Confined growth of MOF nanocrystals using a “locked” metal ion source

Abstract

The controlled growth of MOF crystals in a confined space has long been a challenge. In this contribution, we present a facile strategy for the confined growth of MOF crystals in a mesoporous silica shell by pre-installing a metal stock inside the cavity while transporting organic linkers through the permeable shell. Remarkably, the size and shape of the confined MOF crystals could be controlled effectively by adjusting the synthesis parameters. The obtained MOF@mSiO₂ composites could further be functionalized with a range of surfactant-free metal nanoparticles (MNPs, e.g., Au, Pd, and Ag) via galvanic replacement reactions on the encapsulated Cu₂O surface during a one-pot preparation.
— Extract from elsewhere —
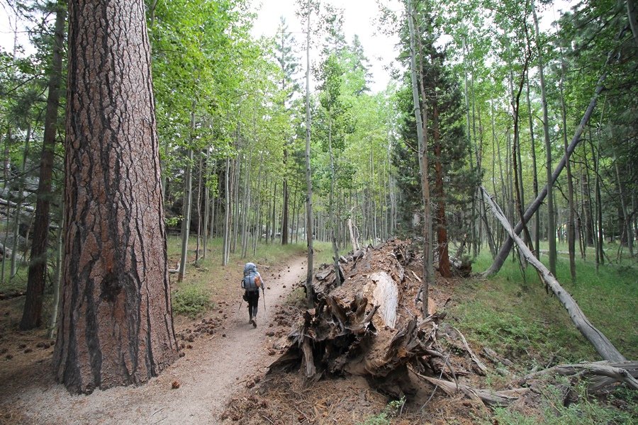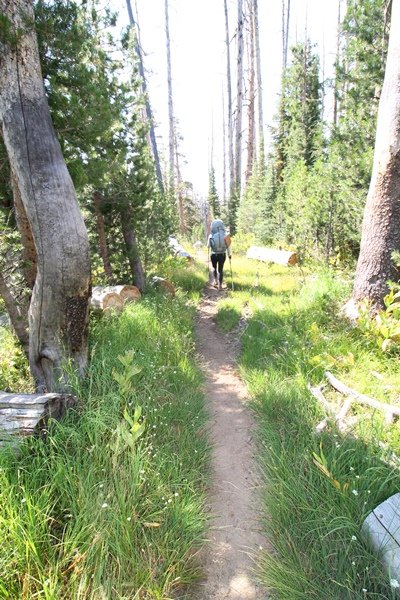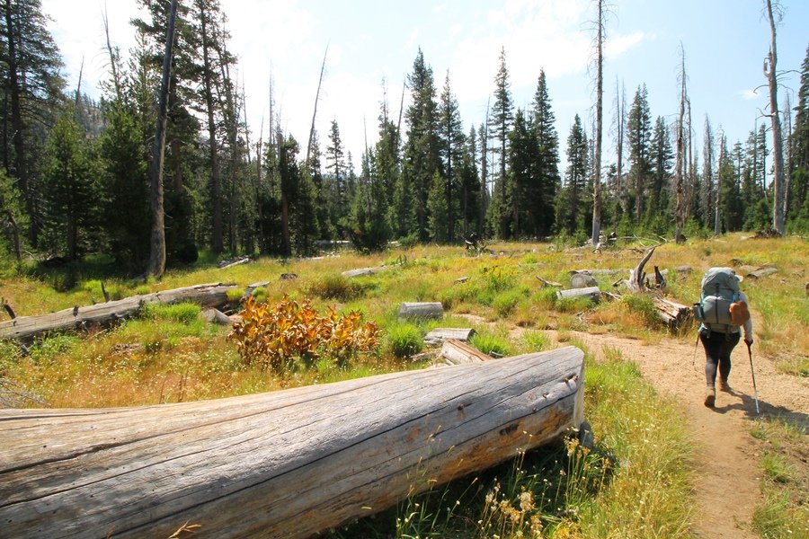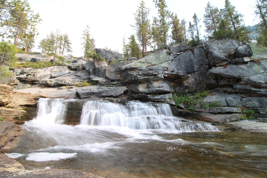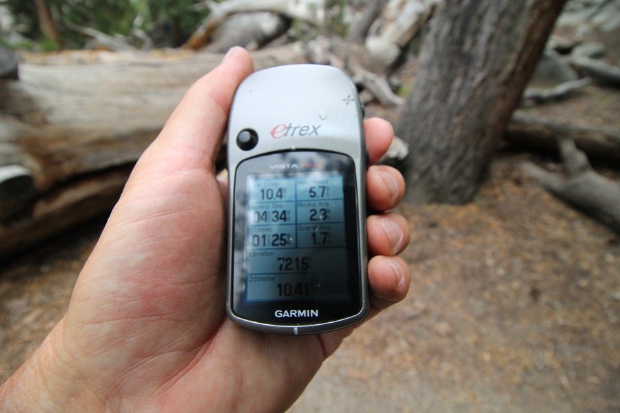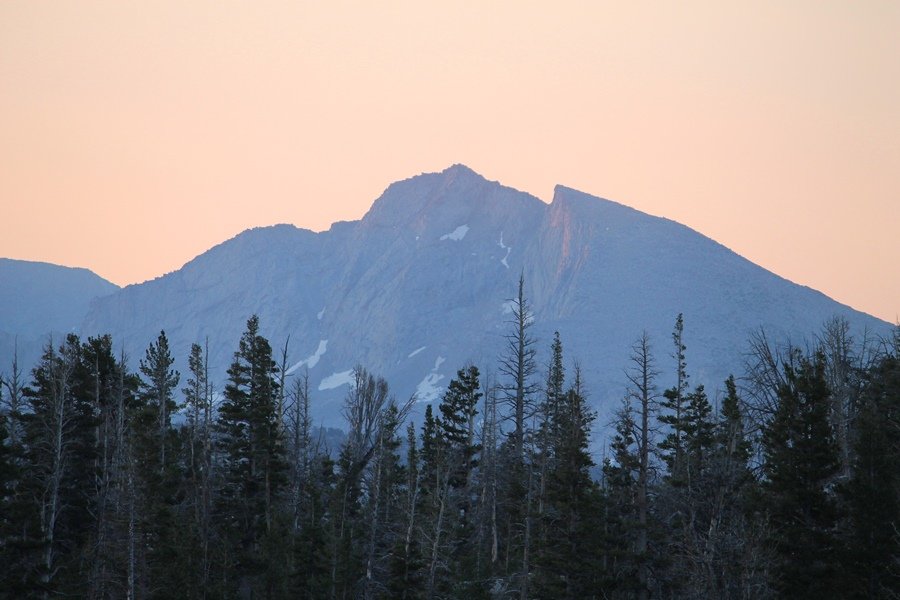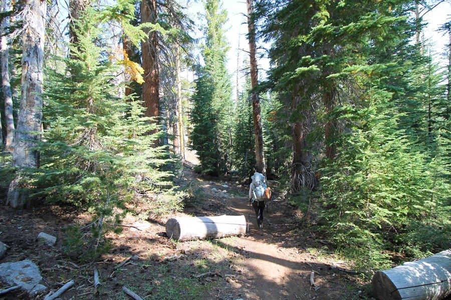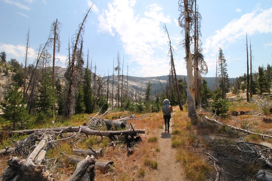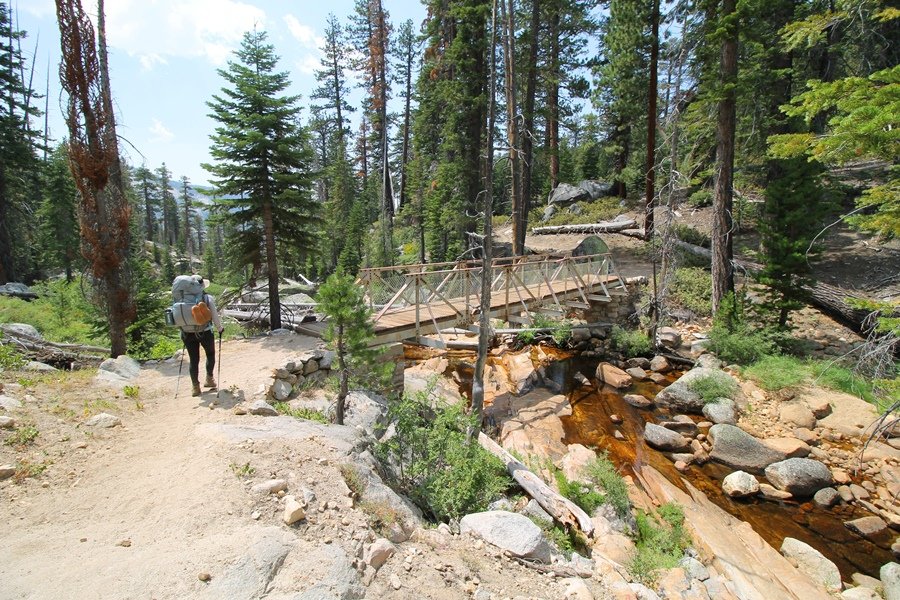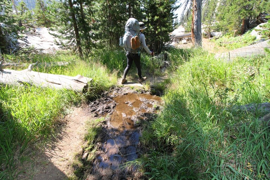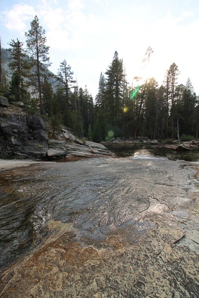 We again woke up pretty early, and we took advantage of our isolated camp site to start packing things up soon thereafter – so much for the best laid plans. As the sky started to brighten, we got up on some rocks above our home away from home for a clearer view of the meadow, expecting the sun to crest the shoulder of the dome to the east at any moment. Well, that process took nearly an hour from when we started watching it, leaving us about 30 minutes to pack up the balance of the camp before the breakfast call. It didn’t happen – we resigned ourselves to finishing our packing after breakfast, and we tromped our way up to the dining tent by about 7:15 to feast like kings. The latest fire news included a report that the flames had reached the easternmost end of the Wrightwood development, and at one point we got a report that a street near ours had burned – that turned out to be incorrect, thankfully, but we did in fact confirm that the flames had been stopped at the east edge of town. Our breakfast companions included a family from the San Diego area who were going to be hiking up the JMT and out to Tuolumne Meadows that day, and they offered to text the kids for us with a live report as they headed through Cajon Pass on their way home (which they in fact did). We ate a bit more lightly than we had at May Lake, mostly to get done earlier but also because we had a lot of ground to cover today. In our day-by-day plan, this was always going to be the longest single leg of the trip – we’d start at 9,300+’, head north on the JMT for about a mile, then east over a 200′-high ridge before dropping into Cathedral Fork canyon and losing over 2,500′ as we’d descend to the Merced River valley some 7+ miles distant. We’d head east up the river at that point, gaining another 250′ over two miles to the Merced Lake HSC – at 10+ miles total, it figured to be a long day. So, we hastily finished packing and left Sunrise by just after 9am, walking briskly (well, as briskly as our sore bodies would allow, which wasn’t really very brisk) east and then north on one of two single-mile segments of the John Muir Trail our route would share (the second would be in Lyell Canyon on our last day). The meadow was beautiful in the sunny-mid-morning and the level walking very easy – just what we needed after yesterday’s brutal climbing. That ended far too soon, for we quickly reached our turnoff and headed east, right away beginning to ascend the ridge separating Long Meadow from the Cathedral Fork drainage. The hike up the incline was cool and pretty, shadows and light comingling on the trail – although we paused a couple of times to rest, this segment was quite enjoyable. Once over the top, things got way more sunny and increasingly warm – the heat may well have been on the oppressive side were it not for a fairly steady breeze that blew up the valley all day long to cool us off. We’ve long considered downhills to be, in general, more difficult than uphills, and even more so under full loads. Having learned our lesson on water management on the way to May Lake (we had both run out of water within a 1/2-mile finishing that day), we both carried our full 3-liter complement today (about 6-1/2 lbs. each to start), and our steps weighed heavily on the trail as soon as we crested the ridge and entered Cathedral Fork canyon. It’s not that the gradient was too steep, for it’s quite gentle most places – however, seven miles of steady descent wears on the feet, always bearing not just the body’s weight but the forces of gravity and forward momentum. About halfway down the canyon, we would reach the first of three bridges across the Cathedral Fork of Echo Creek – our idea was to stop for 30 minutes at the first bridge and soak our feet while eating a snack, then doing the same at the last bridge at the end of the descent where we’d eat lunch, thus being rested for the gentle but continuous push eastward to Merced Lake. As we walked through the canyon, we noticed a high, thin dome on the canyon’s west wall that was unnamed on the map – we later decided to name such features for our grandsons, so that promontory has since been christened Jude’s Dome (maybe he’ll climb it someday). Passing below it, we dropped more sharply into a flat, wooded section that was immediately followed by a burn – the stark tree trunks were a somewhat somber reminder of the situation in Wrightwood (we had been talking about how, if indeed our cabin burned, we’d only be out our vacation/retirement home, but what about the 5,000 people who live there fulltime? – deep, sobering thoughts). We found our first bridge shortly after the burned area, but there was not very much water here – Jane proposed continuing to the next one, which we did. However, once we got there, we were kind of in the same “let’s get this hike over with” mode and, despite the burning sensations in all four of our feet, we decided to keep going to the third, especially since there was more water here. We had by this time lost enough elevation that the forest had changed dramatically – gone were the lodgepoles and tundra-like grasses of the high country, replaced by chinquapin, manzanita, and ponderosa pines. The ponderosas, in particular, were quite impressive, very tall and with massive bases. Past the second bridge, the descent eases a bit through a traverse west to a junction with a connector trail leading further west to the JMT – we would turn south here, losing another 500′ before reaching the Merced River in the valley below. That section, in fact, was about as bad as we had expected – another steep series of stair-stepped switchbacks, and our feet felt twice as bad by the time we hit the bottom of the grade. There in front of us was the third bridge, but there was not a drop of water in sight – crazy. We stopped here anyway and ate our lunch (which, by the way, were made to order each morning by t

This led to ultrafine MNPs embedded within the MOF matrix. The construction of the MOF and the galvanic replacement reaction occurred on similar time scales, and the Cu₂O cores are believed to play dual roles in the synthesis: (i) providing a source of copper ions for building MOFs, and (ii) serving as a reductant to form noble MNPs which in turn significantly accelerated the formation kinetics of MOF crystals (to within 1 minute). Furthermore, it was also demonstrated that the encapsulated MOFs/MNPs within the mSiO₂ shells were highly accessible to the general gas/liquid molecules and exhibited excellent catalytic activity for several oxidation reactions.